Model the topic tree (literals and +/#) → choose subscription points (with subscribe QoS) → translate via static / value / json (with publish QoS) → validate with the schema → run the integrator.

The MQTTIntegrator is the lightweight transformation engine of the MQTTSuite. It subscribes to topics on an MQTT broker, translates topics/payloads using the mapping description (presented earlier), and publishes the translated messages back to the same broker connection. It is not a multi-broker bridge; there are no src-* / dst-* pairs.

Additional transports can be added in the source: mqttintegrator.cpp.

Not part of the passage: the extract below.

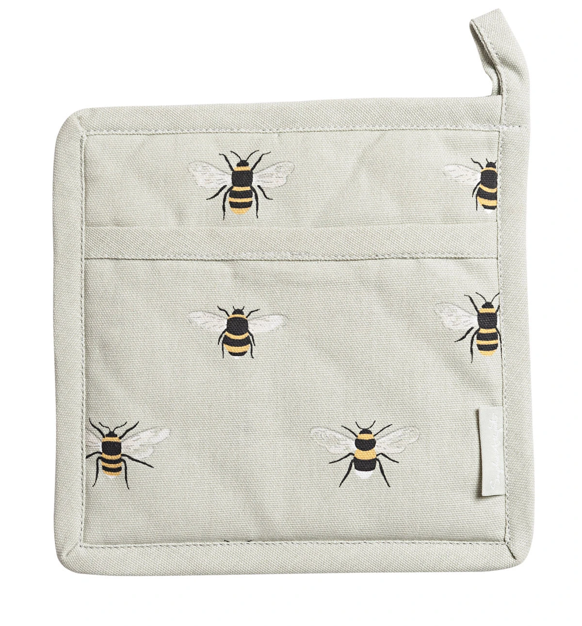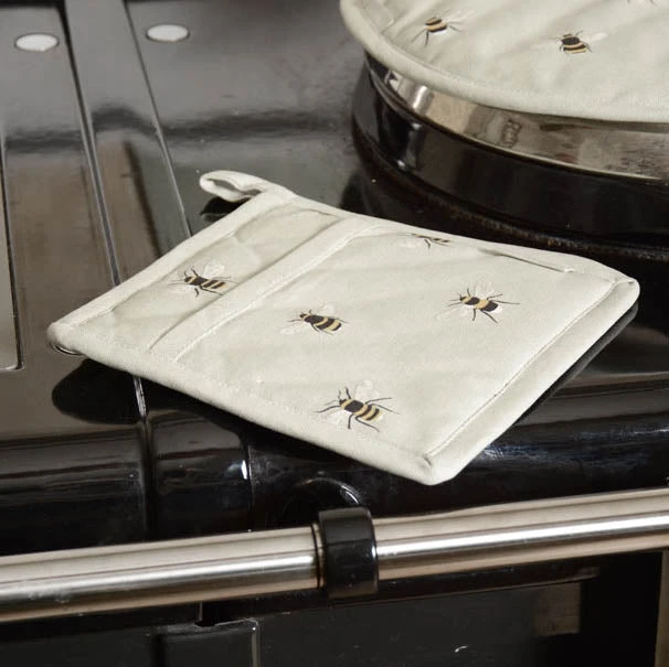 Our Bees pot grab will protect your hands while lifting hot pans and dishes. Covered in bees on a pale green background, it is made from 100% cotton and the internal padding gives you excellent insulation. Why not consider a matching Bees Apron or Bees Tea Towel from the collection.

• in-mqtt: MQTT over IPv4 (client to remote 1883)
• in-mqtts: MQTTS over IPv4 (client to remote 8883)
• in6-mqtt: MQTT over IPv6 (client to remote 1883)
• in6-mqtts: MQTTS over IPv6 (client to remote 8883)
• un-mqtt: MQTT over Unix Domain Sockets (client to remote sun path)
• un-mqtts: MQTTS over Unix Domain Sockets (client to remote sun path)
• in-wsmqtt: MQTT over WebSockets via IPv4 (client to remote 8080, target /ws)
• in-wsmqtts: MQTTS over WebSockets via IPv4 (client to remote 8088, target /ws)
• in6-wsmqtt: MQTT over WebSockets via IPv6 (client to remote 8080, target /ws)
• in6-wsmqtts: MQTTS over WebSockets via IPv6 (client to remote 8088, target /ws)
• un-wsmqtt: MQTT over Unix Domain WebSockets (client to remote sun path, target /ws)
• un-wsmqtts: MQTTS over Unix Domain WebSockets (client to remote sun path, target /ws)

One can control which instances are built by enabling or disabling them through the available cmake options.

All aspects—such as remote host/port, UNIX sun paths, WebSocket request targets, and per-connection options—are configurable via the SNode.C configuration system. You can set options in code, on the command line, or via a configuration file.

If encrypted access to the broker is required, suitable certificates need to be provided for the client connection.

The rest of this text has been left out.